Jérôme Bergami, 11 Sep, 2014

A la unehttp://www.xronos.gr/detail.php?ID=94211 
L’article vient de paraitre. Il se savoure tout frais dans le quotidien de Komotini, le « Kronos Komotini », photo couleur en première page. La Terre en Marche s’invite dans la presse du pays. Nous avons rencontré la jeune journaliste Anna Martidou à Iasmos, à la caisse d’un supermarché. Apprenant que nous étions en route pour deux ans, destination Chine, elle a voulu en savoir plus, dans l'idée d’écrire un papier sur notre aventure. Nous nous sommes retrouvés un plus tard dans le jardin public ou nous campions et ce matin, nous étions dans les kiosques, à ce point ravis que nous avons acheté trois exemplaires du journal, un pour nous, les deux autres pour la famille.
Comme les emmerdes, les bonnes nouvelles tombent en série. En milieu d’aprés-midi, arrivés au village de Roditis, un 4x4 nous klaxonne, nous dépasse, s’arrête le long du trottoir. Une femme descend du véhicule, un journal à la main, un appareil photo en bandoulière. « Je suis la directrice du « Kronos Komotini », se présente-t-elle. J’ai découvert l’article vous concernant ce matin, et là je tombe sur vous par hasard. Je voudrais vous prendre en photo avec le journal. » Va pour la photo. Mais je lui demande :
- Est-ce que vous connaissez des journalistes en Turquie ? Nous voudrions faire parler de notre projet là-bas. Ce serait intéressant.
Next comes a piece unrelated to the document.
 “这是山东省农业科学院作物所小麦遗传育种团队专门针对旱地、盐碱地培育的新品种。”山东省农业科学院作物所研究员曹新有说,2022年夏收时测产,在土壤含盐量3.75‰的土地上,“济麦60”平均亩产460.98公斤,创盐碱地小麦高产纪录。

- Vous passez par Istanbul ?
- C’est notre itinéraire.
Elle consulte le répertoire de son téléphone.- Vous pouvez appeler ces trois journalistes de ma part, ce sont des amis. Elle nous tend sa carte de visite. "Et si vous avez un souci, vous m’appelez. Bon courage et bonne route!"
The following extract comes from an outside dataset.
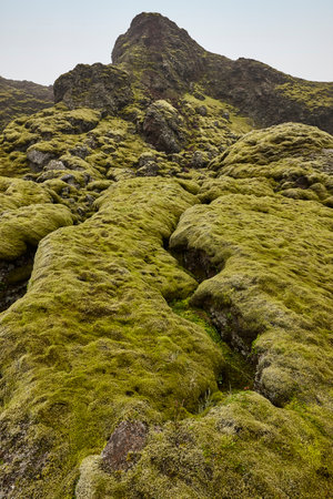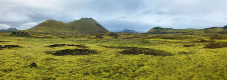 Majestic volcanic landscape covered with moss in Iceland highlands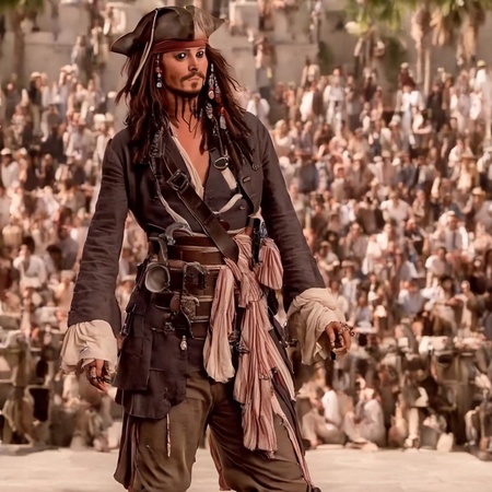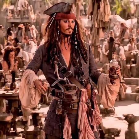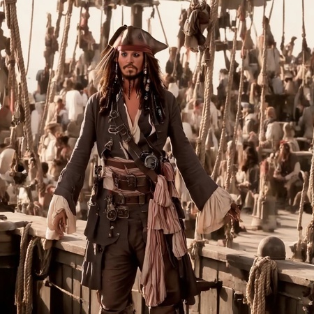 промты: 'Captain Jack Sparrow with a bottle of rum', 'Captain Jack Sparrow with a team of pirates on the beach 3. Captain Jack Sparrow fights with skeletons', 'Captain Jack Sparrow fights with a huge kraken', 'Captain Jack Sparrow with a black death mark on his arm', 'Captain Jack Sparrow looks straight ahead', 'Captain Jack Sparrow on a ship with black sails', 'Many jack captains are standing like a sparrow and looking at each other', 'Captain Jack Sparrow', 'Captain Jack Sparrow and his family of pirates', 'pirate bottle', 'pirate hat triangular', 'Jack Sparrow's compass', 'The black Pearl ship'

Un fil, ou plutôt deux, nous ont été tendus à travers ces deux rencontres inopinées, Il ne tient plus qu’a nous de savoir les dérouler. Jusqu’où peuvent-ils nous mener ? Mystère. Ayons simplement confiance, étant sur un beau chemin de vie, la Terre à nos côtés.

11 septembre. Jour d’orage à Polyathos.
Les rues du village se gorgent d’eau, des ruisseaux se forment au milieu des chaussées. Nous échappons de peu à la débâcle météorologique en nous refugiant sous l’auvent de la terrasse d’un café, vis-à-vis de la mosquée. Le local est fermé. Pas un chat alentour. Par moments de furieuses bourrasques rabattent la pluie sur nous. Nous avons enfilé au plus vite nos k-ways et enveloppé nos sacs dans leur toile de protection.
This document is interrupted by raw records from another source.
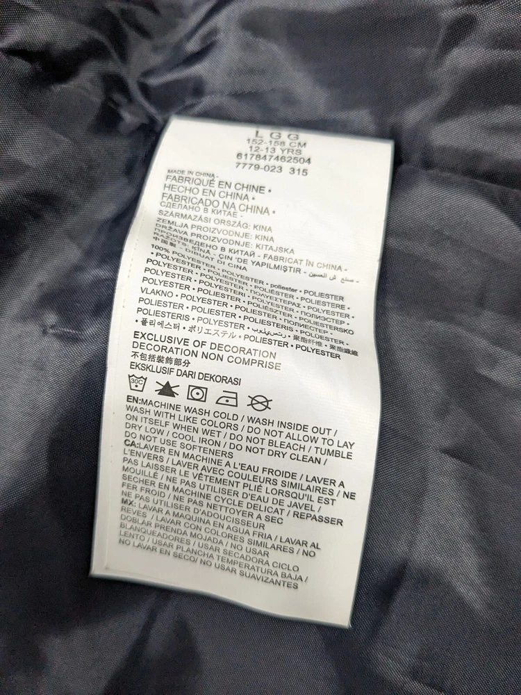Really cool jacket. See photos. Doesn't come with the inner lining. Boys size large 12-13 years. C1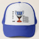 Vovô é um Pai também! Então dê a ele um presente personalizado de Dia de os pais que ele pode apreciar o ano inteiro! O Boné deste Caminhoneiro legal apresenta um belo troféu grego clássico, branco e cromo azul, gravado: "TOP POP". Ao lado dele está um campo de texto personalizado para os nomes dos netos.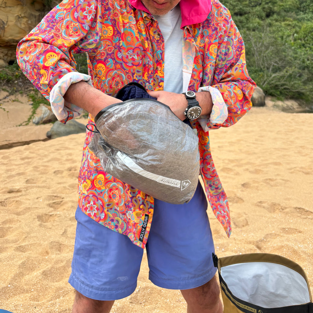 HMG社の容量40L、もしくは55Lモデルへのパッキングに丁度良い寸法で作られたスタッフサックです。テントや寝袋、ウェアなどに付属しているスタッフサックサイズのせいでバックパック内にデッドスペースが生じる場合は、ポッズに詰め替え直すことで隙間なく綺麗にパッキングが可能。トレイルバムのステディーやゴッサマーギアのゴリラ、ULAのCDTなど他社のものでも同容量くらいのバックパックなら綺麗に収まります。

Vient enfin l’accalmie, et avec elle deux drôles de zigotos surgis de nulle part, un jeune type et un plus vieux. Celui-ci porte un costume bleu marine défraichi et une paire de pompes noires éculées, l’autre, par-dessus un regard torve, est affublé d’un couvre-chef molletonné hésitant entre le bob de plage et le tricorne. J’ai sorti mon réchaud, je prépare du café. « Ceux-là, ils ne vont pas nous lâcher », me dis-je en-dedans. Gagné! Le plus vieux monte les quelques marches de la terrasse, s’avance, jambes arquées, frétillant comme un criquet dans un champ de lavande. Parmi les mots qu’il jette d’une voix rauque, je comprends : « Café, lego(un peu de café) ? » Après le café, ce sera la clope, je ne peux m’empêcher de penser. Il m’agace, doit le sentir alors il en rajoute – « Bulgare! Bulgaria!”, éructe-t-il en pointant les montagnes. Le jeune ne dit mot, il biaise et rit sous cape des âneries que son compère nous raconte. Sabina me voyant tendu prend le relais avec beaucoup de tact, de métier pourrait-on dire, car elle connait bien le comportement des gitans. « Moi, je suis Roumaine, monsieur », lance-t-elle au vieux en lui tendant la main. Et instantanément une espèce de lien Est-européen balkanique se crée. « Tenez, prenez un peu de café. » Le Bulgare se montre ravi, il s’agite, gaillard dans son deux pièces trois fois trop grand – “Roumania, Bulgaria!” répète-t-il en frottant ces deux index l’un contre l’autre. Puis il sort de son portefeuille une liasse de vieux billets de l’ancienne Yougoslavie qu’il défroisse avec fierté sous notre nez. Au même moment le jeune s’en revient de la fontaine où il a trouvé une paire de lunettes de soleil. Avec son bob sur la tête, Il y a du Monsieur Hulot sous les orages de Macédoine.
Les deux types s’assoient. Sabina leur offre maintenant une poignée de cacahuètes grillées. Le vieux biche, savoure son jus, fume la clope qu’il m’a taxé. Puis il part à la fontaine et rince sa tasse, qu’il remet a Sabina en prononçant bien distinctement un : « Phkaristo poli » (merci beaucoup).